Per riuscire a sviluppare un tipo di programma che lavori PER  voi e non CONTRO di voi, è necessario innanzi tutto separare la realtà dalla fantasia e conoscere i risultati delle più recenti ricerche scientifiche sul metabolismo e sull’accumulazione del glicogeno.Queste nozioni potranno poi essere applicate al vostro programma pre-gara di ricarico dei carboidrati.

Prima di iniziare la spiegazione delle nozioni basilari per il ricarico di carboidrati, porto alla vostra attenzione questo video di ironmanager82 intitolato: Settimana dieta di scarico-carico di carboidrati – 55 days out

Nozioni basilari per il ricarico dei carboidrati

Le fonti di energia disponibili per il corpo umano sono tre:proteine, carboidrati e grassi. Tra di esse, la fonte energetica preferenziale e più efficace è quella costituita dai carboidrati. qualsiasi tipo di carboidrati è composto dacarbonio, idrogeno ed ossigeno, ma non tutti risultano uguali.

Gli zuccheri semplici sono ad esempio composti soltanto di una o due molecole, che si trovano in cibi dolci, nella frutta e nel latte. Per la loro limitata dimensione molecolare, questi tipi di zuccheri vengono assorbiti rapidamente e possono aumentare drammaticamente i livelli glicemici nel sangue.

Per contro, i carboidrati complessi (o amidi) possono risultare composti persino di 10000 unità molecolari di zucchero e costituiscono alimenti come grano, riso, cereali, pasta e patate.

Poiché la loro digestione richiede un tempo maggiore a causa della più complessa costituzione molecolare, essi sono assorbiti più lentamente e producono una più graduale modificazione dei livelli glicemici del sangue.

La digestione di qualsiasi tipo di carboidrati ha inizio nella bocca attraverso la masticazione e l’azione di un enzima chiamato amilasi che si trova nella saliva.

Questo comincia ad effettuare la separazione della lunga catena molecolare che compone i carboidrati complessi.  Masticare a fondo i cibi migliora la digestione dei carboidrati che poi permette alla saliva ( la cui produzione può essere di oltre un litro e mezzo al giorno)  di mescolarli  meglio e di scomporre gli amidi prima della di deglutizione.

Successivamente si verifica un ulteriore scomposizione in singole unità zuccherine che possono essere assorbite dal flusso sanguigno.  

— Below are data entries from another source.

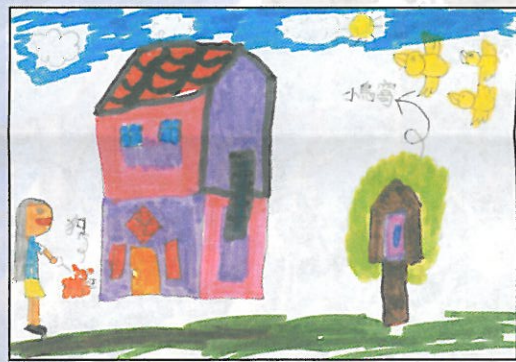
彰化縣 培英國小 三年甲班 柯子瑜
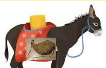
חֲמֹר (עם ככרות) לֶחֶם וְנֹאד-יִין,
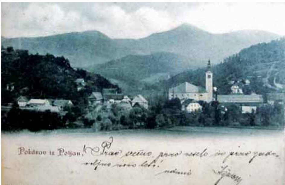
Poljane okoli leta 1900.
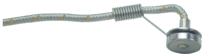
高温マグネット製品温度プローブ
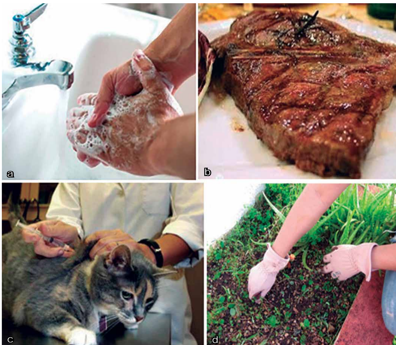
Foto 4. a.) lavado correcto de las manos; b.) carne bien cocida; c.) control veterinario al gato y d.) uso de guantes en jardinería.

Alcuni dietologi sostengono che proteine e carboidrati non dovrebbero venire assunti contemporaneamente, tanto questi due tipi di alimenti sono digeriti e assorbiti meglio in condizioni diverse:  le proteine in una condizione di maggiore acidità dello stomaco e carboidrati in una condizione di minore acidità.

Questi cibi sono elaborati da enzimi diversi e ciascuno di essi può inibire l’assorbimento dell’altro da parte del sangue.  Altri dietologi affermano invece che gli zuccheri assunti con le proteine tendono ad aumentare i livelli dell’insulina,  e questo può provocare un migliore assorbimento degli aminoacidi da parte delle cellule muscolari.  Una risposta definitiva a questa controversia non è attualmente ancora possibile.

Dopo essere stati assorbiti dal flusso sanguigno come zuccheri semplici,  i carboidrati passano attraverso il fegato.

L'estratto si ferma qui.